We are required to write a JavaScript function that takes in an array of pairs of numbers, arr, as the first and the only argument. In every pair, the first number is always smaller than the second number.

Now, we define a pair (c, d) that can follow another pair (a, b) if and only if b < c. Chain of pairs can be formed in this fashion.
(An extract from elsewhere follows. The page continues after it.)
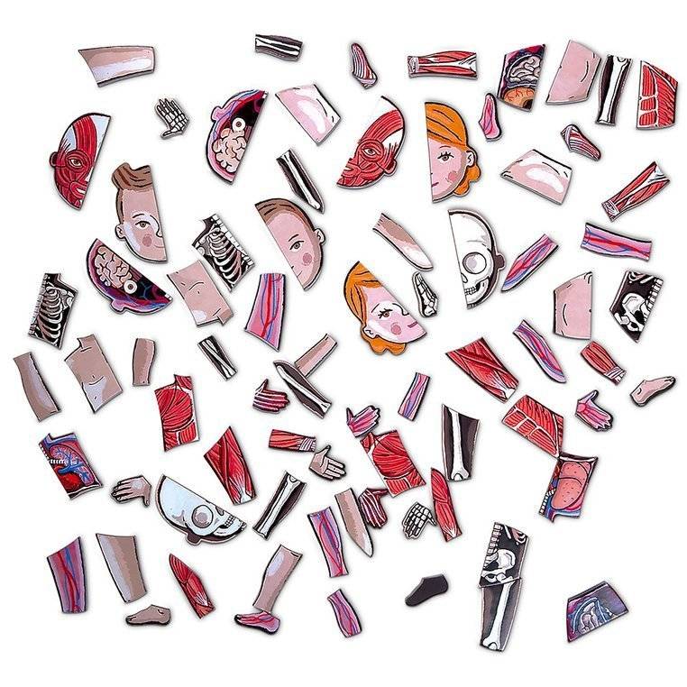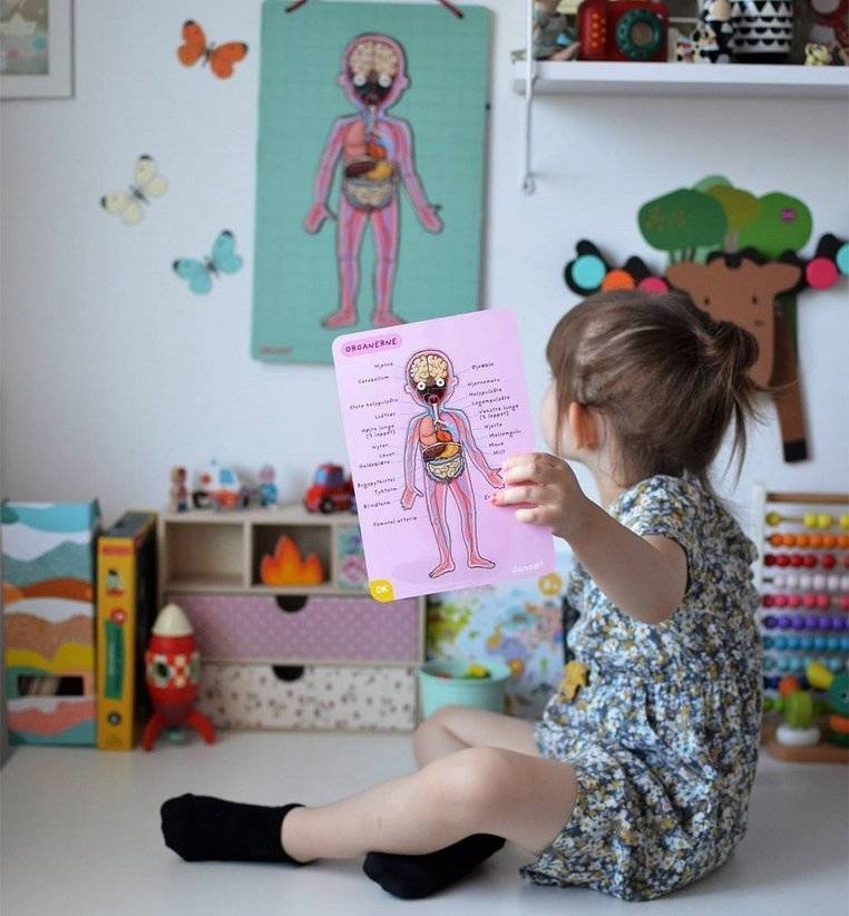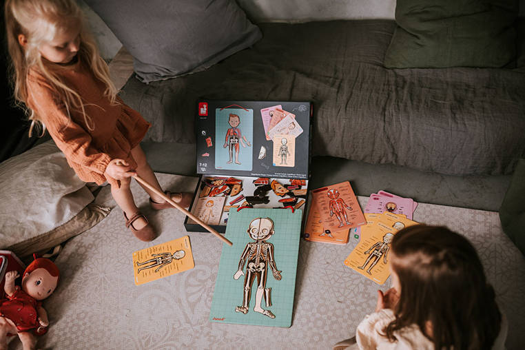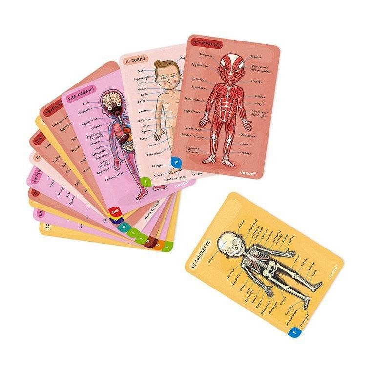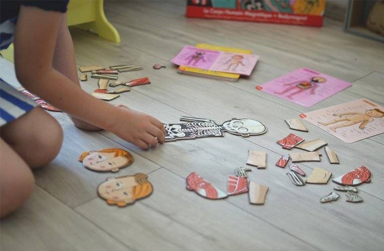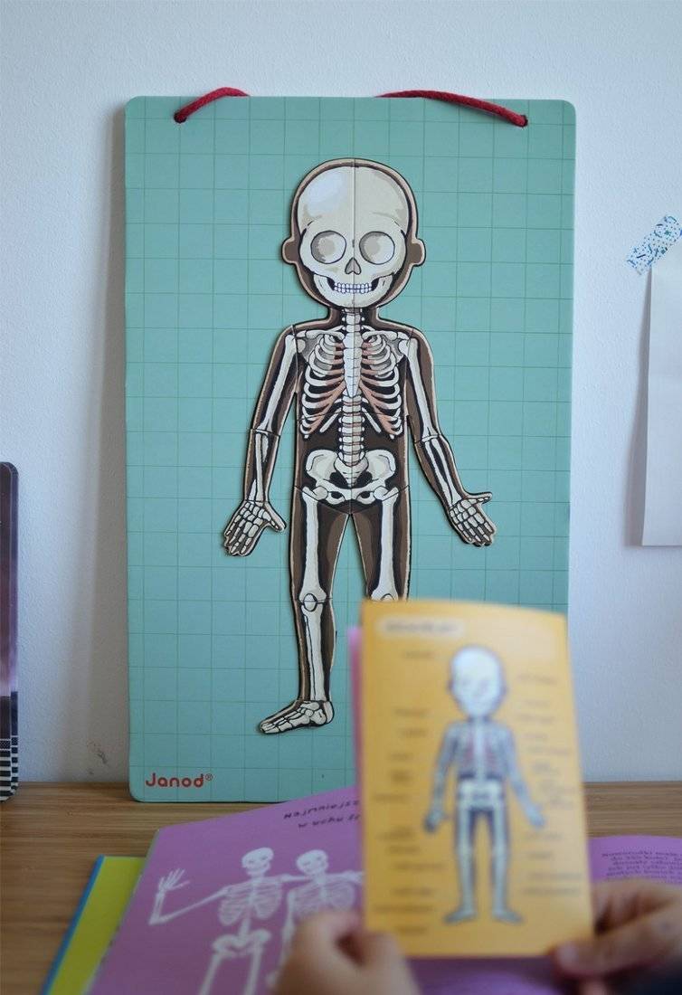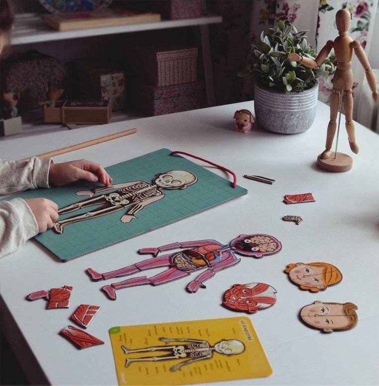 El rompecabezas magnético del cuerpo humano de la marca francesa Janod es un rompecabezas educativo que le enseñará a su hijo a construir el cuerpo humano en 11 idiomas (incluidos inglés, alemán, italiano y español). Gracias al juego, el niño aprenderá los nombres de partes del cuerpo, órganos, huesos y músculos. El kit incluye: una pizarra magnética, 18 tarjetas de referencia con partes del cuerpo marcadas en diferentes idiomas, 76 partes del cuerpo magnéticas y un puntero de madera.

Our function is supposed to find the length longest chain which can be formed.

Problem Example

For example, if the input to the function is:

const arr = [
   [1, 2], [2, 3], [3, 4]
];

Expected Output: 2

Explanation: The longest chain is [1,2] ? [3,4] because 2 < 3, so these pairs can be chained together.

Algorithm Approach

The key insight is to use a greedy approach:

• Sort pairs by their ending values (second element)
• Select pairs that don't overlap with the previously selected pair
• This ensures we get the maximum number of non-overlapping pairs

Solution

const arr = [
   [1, 2], [2, 3], [3, 4]
];

const findLongestChain = (arr = []) => {
   // Sort by ending values (second element of each pair)
   arr.sort(([, b], [, d]) => b - d);
   
   let currentEnd = arr[0][1];
   let count = 1;
   
   for (const [start, end] of arr) {
      if (start > currentEnd) {
         count += 1;
         currentEnd = end;
      }
   }
   
   return count;
}

console.log(findLongestChain(arr));

2

Step-by-Step Breakdown

Let's trace through the algorithm with a more complex example:

const arr2 = [[1, 2], [7, 8], [4, 5], [3, 4], [8, 9]];

const findLongestChain = (arr = []) => {
   console.log("Original array:", arr);
   
   // Sort by ending values
   arr.sort(([, b], [, d]) => b - d);
   console.log("Sorted by end values:", arr);
   
   let currentEnd = arr[0][1];
   let count = 1;
   let chain = [arr[0]];
   
   for (let i = 1; i < arr.length; i++) {
      const [start, end] = arr[i];
      if (start > currentEnd) {
         count += 1;
         currentEnd = end;
         chain.push([start, end]);
         console.log(`Added pair [${start}, ${end}], count: ${count}`);
      }
   }
   
   console.log("Final chain:", chain);
   return count;
}

console.log("Longest chain length:", findLongestChain(arr2));

Original array: [ [ 1, 2 ], [ 7, 8 ], [ 4, 5 ], [ 3, 4 ], [ 8, 9 ] ]
Sorted by end values: [ [ 1, 2 ], [ 3, 4 ], [ 4, 5 ], [ 7, 8 ], [ 8, 9 ] ]
Added pair [3, 4], count: 2
Added pair [7, 8], count: 3
Final chain: [ [ 1, 2 ], [ 3, 4 ], [ 7, 8 ] ]
Longest chain length: 3

How It Works

The algorithm uses a greedy strategy:

1. Sort by end values: This ensures we always consider pairs that finish earliest first
2. Select non-overlapping pairs: A pair [a, b] can be followed by [c, d] only if b < c
3. Maximize count: By choosing pairs that end earliest, we leave maximum room for future pairs

Alternative Example

const testCases = [
   [[1, 2], [2, 3], [3, 4]], // Expected: 2
   [[1, 2], [7, 8], [4, 5]], // Expected: 3
   [[1, 10], [2, 3], [4, 5]], // Expected: 2
];

const findLongestChain = (arr = []) => {
   if (arr.length === 0) return 0;
   
   arr.sort(([, b], [, d]) => b - d);
   let currentEnd = arr[0][1];
   let count = 1;
   
   for (let i = 1; i < arr.length; i++) {
      if (arr[i][0] > currentEnd) {
         count++;
         currentEnd = arr[i][1];
      }
   }
   
   return count;
}

testCases.forEach((test, index) => {
   console.log(`Test ${index + 1}: ${JSON.stringify(test)} ? ${findLongestChain(test)}`);
});

Test 1: [[1,2],[2,3],[3,4]] ? 2
Test 2: [[1,2],[7,8],[4,5]] ? 3
Test 3: [[1,10],[2,3],[4,5]] ? 2

Conclusion

The longest consecutive chain problem is solved efficiently using a greedy algorithm with O(n log n) time complexity. Sort pairs by their ending values and greedily select non-overlapping pairs to maximize the chain length.